Bottom line: Without enough omega-3s available to help control the inflammatory reaction created by the body’s response to cancer, inflammation continues to rage, further damaging cell DNA and prolonging an environment conducive to the cancer’s growth.
“The researchers are basically saying there’s so much omega-6 around that it gives the cancer tumor a chance to just take off, and I think that’s probably correct,” said analytical chemist Tom Brenna, a professor of pediatrics at Dell Medical School at the University of Texas at Austin, who was not involved in the new study.
“As linoleic acid increases in the body, it decreases the amount of two omega-3s, EPA and DHA, in the body’s tissue,” Brenna said. “And Americans don’t get enough omega-3s as it is, so the implication of the study is that if a person has too much omega-6, they likely need to boost their omega-3 to counteract that impact.”
Boosting omega-3 in your diet
Try to obtain as many omega-3s from your diet as you can, experts say. The omega-3s EPA and DHA are found in fatty fish such as anchovies, salmon, mackerel, herring, sardines, sea bass, bluefin tuna and trout. Oysters and mussels are also good sources, according to the American Heart Association.
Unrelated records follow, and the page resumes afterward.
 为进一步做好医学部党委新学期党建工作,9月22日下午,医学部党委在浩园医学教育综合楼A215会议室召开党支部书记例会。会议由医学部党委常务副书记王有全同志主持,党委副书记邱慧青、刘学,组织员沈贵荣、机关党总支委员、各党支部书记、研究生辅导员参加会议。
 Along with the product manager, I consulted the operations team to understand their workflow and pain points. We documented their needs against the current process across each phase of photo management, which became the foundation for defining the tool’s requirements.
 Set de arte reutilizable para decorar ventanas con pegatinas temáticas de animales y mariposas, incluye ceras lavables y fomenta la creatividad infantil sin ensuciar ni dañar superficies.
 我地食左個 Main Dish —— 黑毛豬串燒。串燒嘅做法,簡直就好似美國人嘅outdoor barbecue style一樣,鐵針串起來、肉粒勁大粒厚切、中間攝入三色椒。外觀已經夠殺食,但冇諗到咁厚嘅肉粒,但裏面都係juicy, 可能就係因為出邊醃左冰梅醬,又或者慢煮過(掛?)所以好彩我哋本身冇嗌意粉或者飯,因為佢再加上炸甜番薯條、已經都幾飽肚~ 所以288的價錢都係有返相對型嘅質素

Eat two servings a week that are about 3 ounces, or about ¾ cup, of flaked fish, the AHA said. Some types of fish, typically larger species such as tuna, contain higher levels of mercury or other environmental contaminants so be sure to vary the types of seafood you eat to reduce risk.
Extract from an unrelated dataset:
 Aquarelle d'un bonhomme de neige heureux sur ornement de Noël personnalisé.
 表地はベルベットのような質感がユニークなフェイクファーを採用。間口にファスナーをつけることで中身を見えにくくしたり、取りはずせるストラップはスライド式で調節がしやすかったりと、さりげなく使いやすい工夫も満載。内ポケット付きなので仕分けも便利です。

Another important omega-3, alpha-linolenic acid or ALA, is found in nuts and seeds such as walnuts, flaxseeds and chia seeds — with ground flaxseeds and flaxseed oil providing the highest amounts, according to Harvard Medical School’s website. Try sprinkling ground flaxseed or chia seeds on granola and yogurt, and snack on small quantities of nuts during the day.
A good-quality fish oil supplement may also help. There can be side effects from supplementation, such as bad-smelling breath and sweat and headaches, as well as digestive issues such as heartburn, nausea or diarrhea, Harvard’s site stated.
Because omega-3s have anticoagulant effects, experts say it’s always best to check with your doctor before you start taking omega-3s (or any supplement). Suggested limits for various omega-3s vary by age and health conditions — another good reason to check with your doctor.